Stored data entries
※

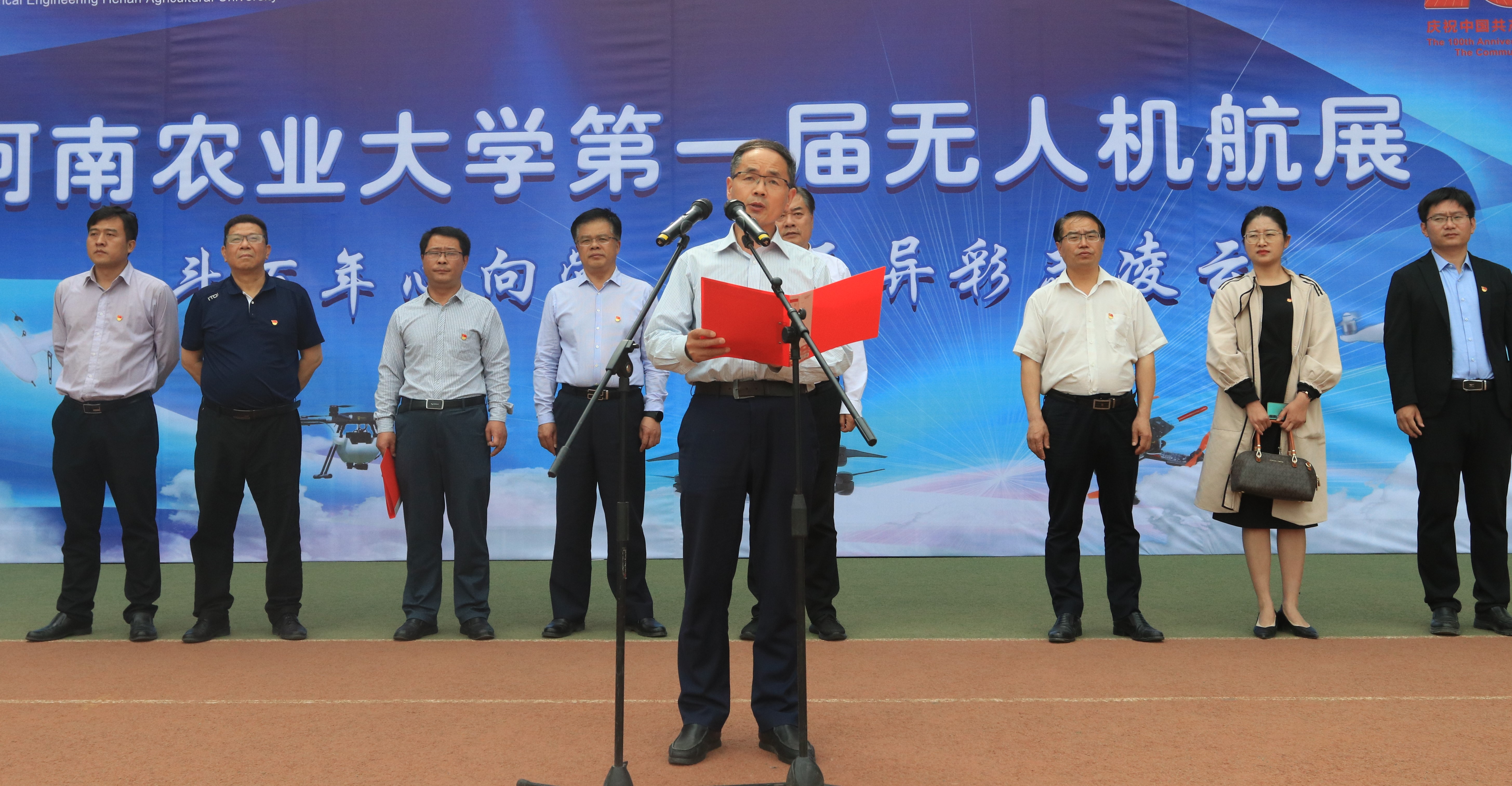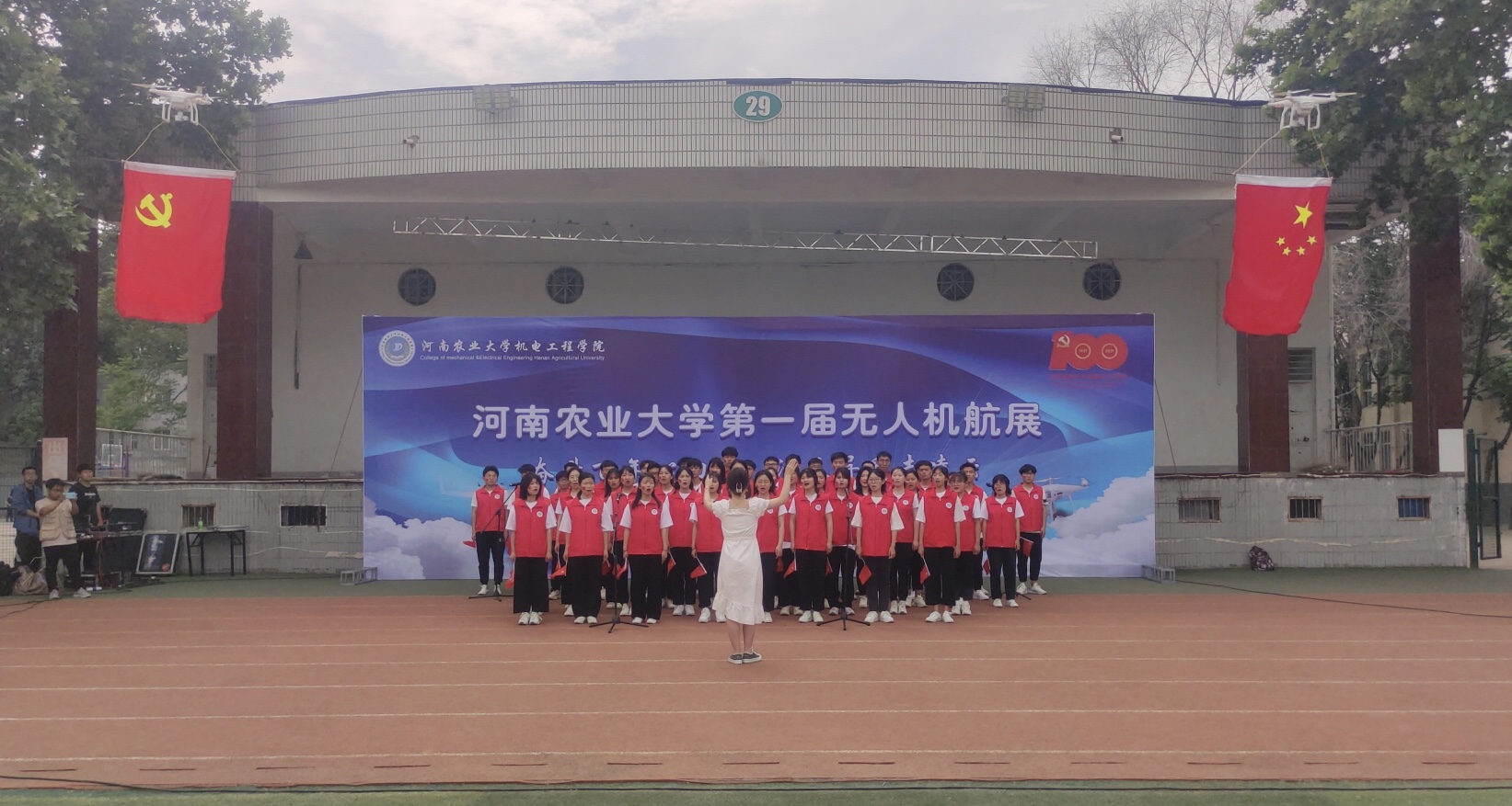 青年学子悠扬的歌声,将农大人最清澈的爱献给党。乐声渐低,一架架无人机缓缓启动,本次活动的重磅环节——无人机表演隆重上演,此起彼伏的旋转腾空、一系列难以置信的空中机械动作、行云流水的喷洒播种......精彩绝伦的表演吸引着现场全体师生,场边生动形象的解说、喝彩连连的助威,更增添了活动的观赏性和娱乐性。
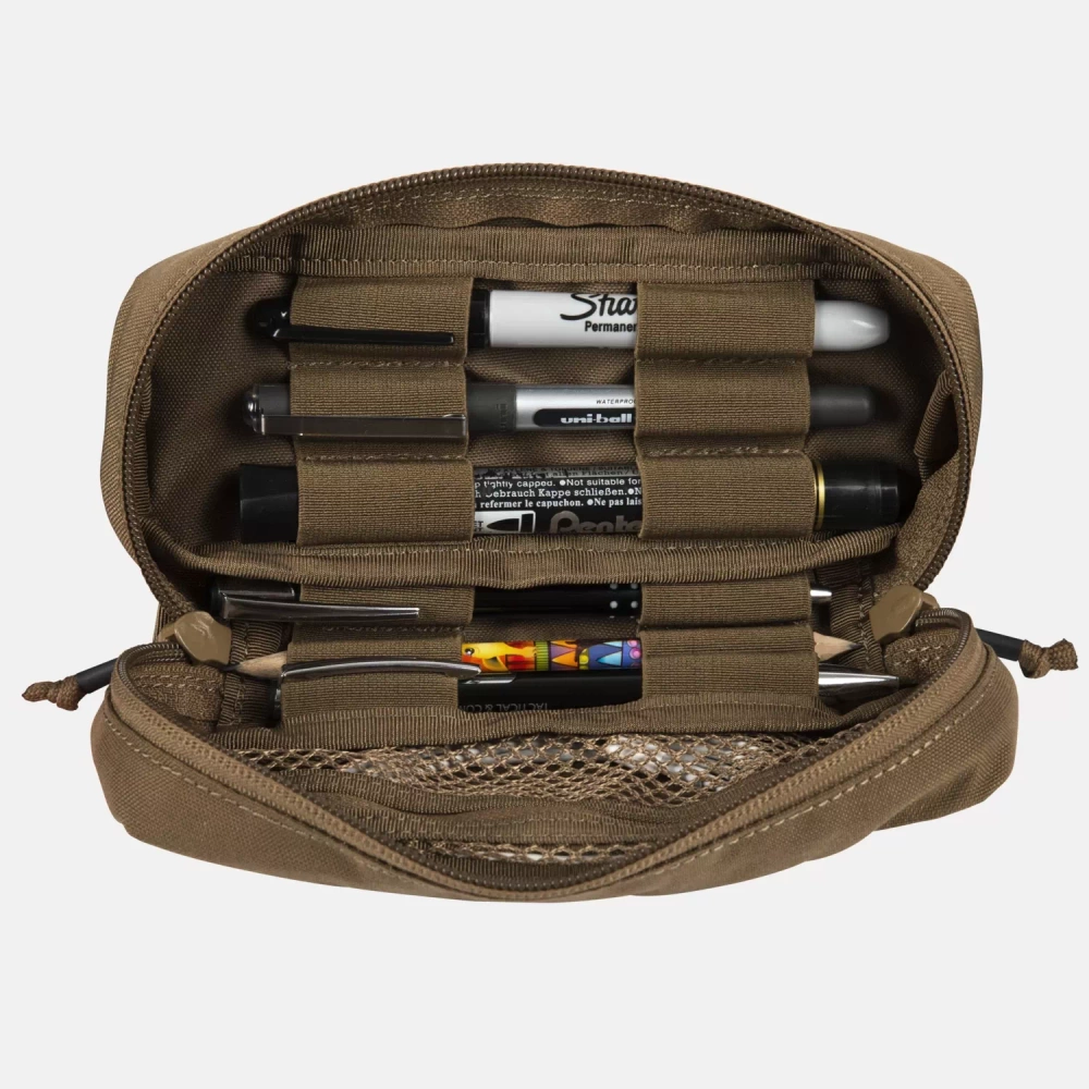 Federmäppchen-Organizer für die Organisation von Büromaterialien von Helikon. Es wurde aus Cordura-Nylon-Gewebe hergestellt, das sich durch hohe Verschleiß- und Abriebfestigkeit auszeichnet. Im Inneren hat der Benutzer sechs Fächer für taktische Stifte, Bleistifte und sogar Werkzeuge wie Schraubendreher, sowie eine einzelne Netztasche mit Reißverschluss.
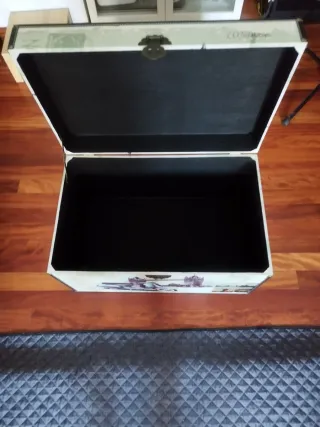 Baúl decorativo con un diseño vintage y elegante. Ideal para almacenar objetos o como pieza de decoración. - Acabado exterior con estampado. - Interior forrado en tela negra. - Cierre metálico frontal.
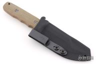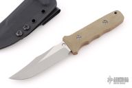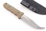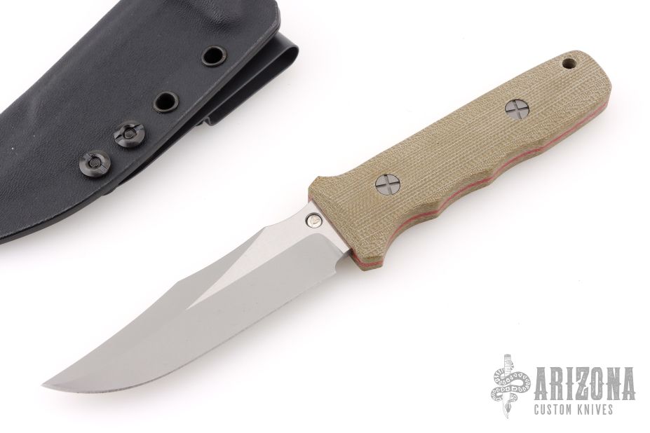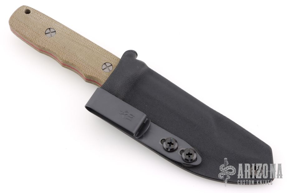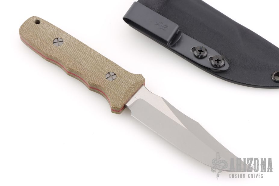 This Mini SOG Bowie by Allen Elishewitz features a two-tone matte/satin finished blade with false top edge, .164" blade stock and .999" blade depth, hidden tang construction. The handle has OD green canvas micarta grip with red canvas micarta stripe, lanyard hole at the butt. Comes with a Kydex sheath with clip. New from maker at the 2026 Blade Show Texas.
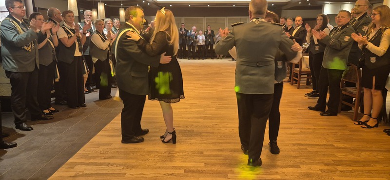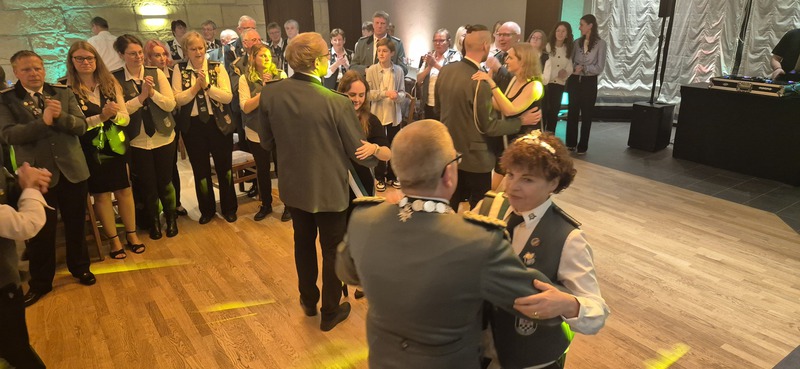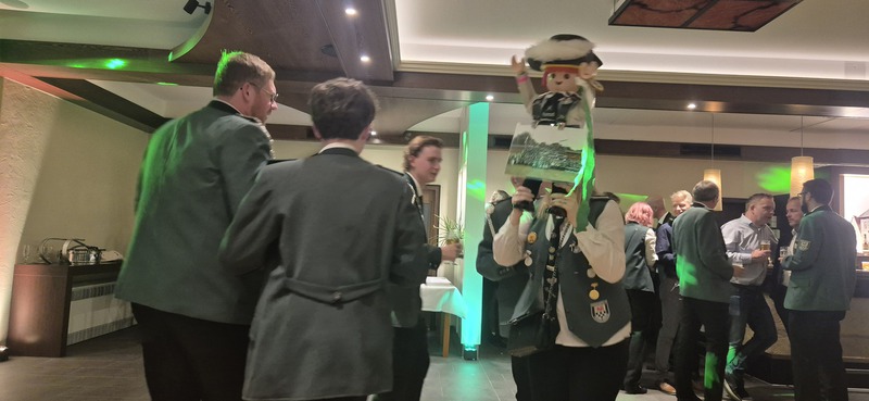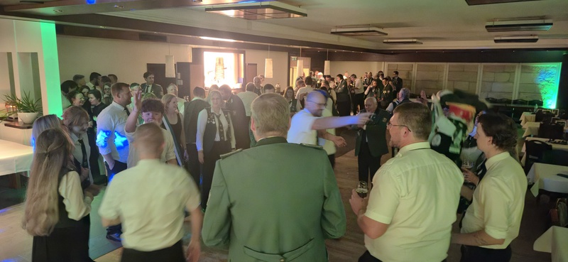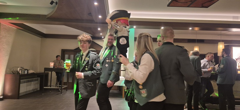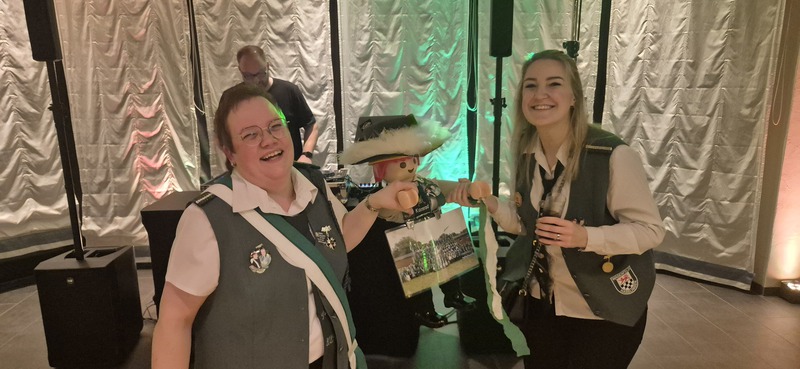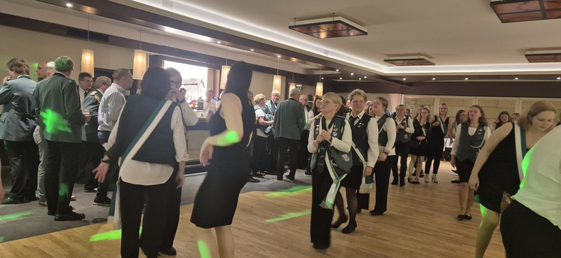 Dabei hat es sich unsere Schützenkönigin Birgit Harzmeyer nicht nehmen lassen – trotz anfänglicher Abwesenheit – für einen Sektempfang durch ihre Ehrendamen zu sorgen.

※

* _WHAT THE TASK ASKS_
Please set the records down again exactly as written. The pictures should not be included.

* _RESULT_
 青年学子悠扬的歌声,将农大人最清澈的爱献给党。乐声渐低,一架架无人机缓缓启动,本次活动的重磅环节——无人机表演隆重上演,此起彼伏的旋转腾空、一系列难以置信的空中机械动作、行云流水的喷洒播种......精彩绝伦的表演吸引着现场全体师生,场边生动形象的解说、喝彩连连的助威,更增添了活动的观赏性和娱乐性。
 Federmäppchen-Organizer für die Organisation von Büromaterialien von Helikon. Es wurde aus Cordura-Nylon-Gewebe hergestellt, das sich durch hohe Verschleiß- und Abriebfestigkeit auszeichnet. Im Inneren hat der Benutzer sechs Fächer für taktische Stifte, Bleistifte und sogar Werkzeuge wie Schraubendreher, sowie eine einzelne Netztasche mit Reißverschluss.
 Baúl decorativo con un diseño vintage y elegante. Ideal para almacenar objetos o como pieza de decoración. - Acabado exterior con estampado. - Interior forrado en tela negra. - Cierre metálico frontal.
 This Mini SOG Bowie by Allen Elishewitz features a two-tone matte/satin finished blade with false top edge, .164" blade stock and .999" blade depth, hidden tang construction. The handle has OD green canvas micarta grip with red canvas micarta stripe, lanyard hole at the butt. Comes with a Kydex sheath with clip. New from maker at the 2026 Blade Show Texas.
 Dabei hat es sich unsere Schützenkönigin Birgit Harzmeyer nicht nehmen lassen – trotz anfänglicher Abwesenheit – für einen Sektempfang durch ihre Ehrendamen zu sorgen.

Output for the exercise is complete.